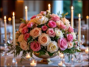 Świece, Grafika AI, Bukiet, Róże, Stół
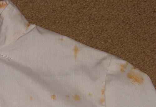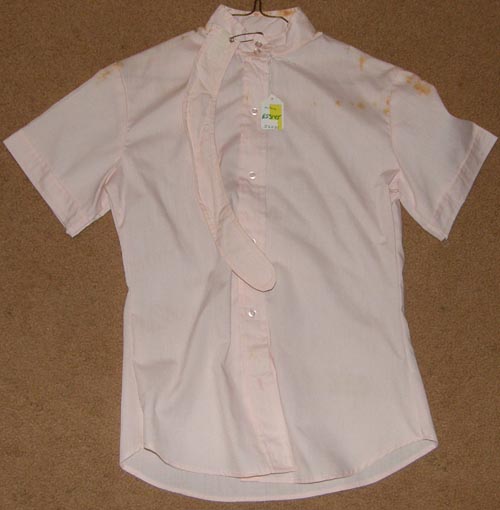Short sleeved English show shirt with choker collar. 65% poly/35% cotton, machine washable. Tagged size 10(Childs), it flat measures approx 16" armpit to armpit across front & 22" mid shoulder to bottom hem. Lots of rust stains/marks on shoulders & top half from being & contact with metal hanger. Marks are not visible when wearing a jacket.
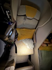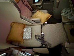 Asiana Airlines A330-300 Business class seat fully reclined, though not flatbed, but still very comfortable
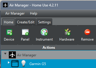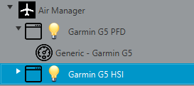 Once this is completed you will see "Garmin G5" added to the panel selector stack on the left side of the Air Manager interface:
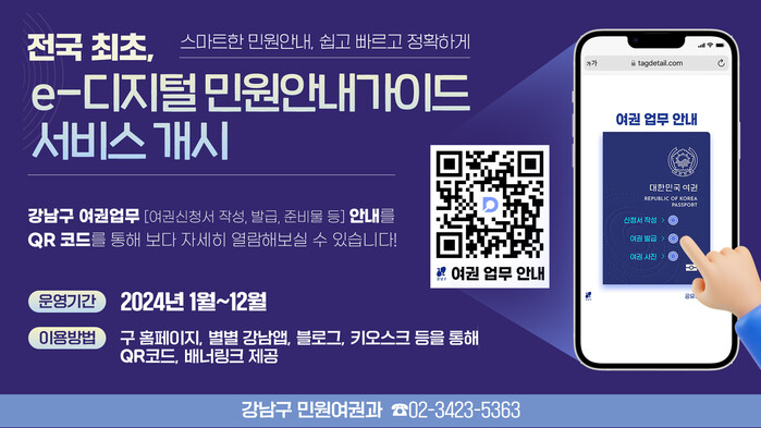 [시민일보 = 이대우 기자] 강남구(구청장 조성명)가 이달부터 ‘e-디지털 민원안내 가이드’ 서비스를 제공한다고 23일 밝혔다.

WHAT THE TASK REQUIRES:
Output each record verbatim, but skip anything that is a picture.

RESPONSE TO THE TASK:
 Świece, Grafika AI, Bukiet, Róże, Stół
Short sleeved English show shirt with choker collar. 65% poly/35% cotton, machine washable. Tagged size 10(Childs), it flat measures approx 16" armpit to armpit across front & 22" mid shoulder to bottom hem. Lots of rust stains/marks on shoulders & top half from being & contact with metal hanger. Marks are not visible when wearing a jacket.
 Asiana Airlines A330-300 Business class seat fully reclined, though not flatbed, but still very comfortable
 Once this is completed you will see "Garmin G5" added to the panel selector stack on the left side of the Air Manager interface:
 [시민일보 = 이대우 기자] 강남구(구청장 조성명)가 이달부터 ‘e-디지털 민원안내 가이드’ 서비스를 제공한다고 23일 밝혔다.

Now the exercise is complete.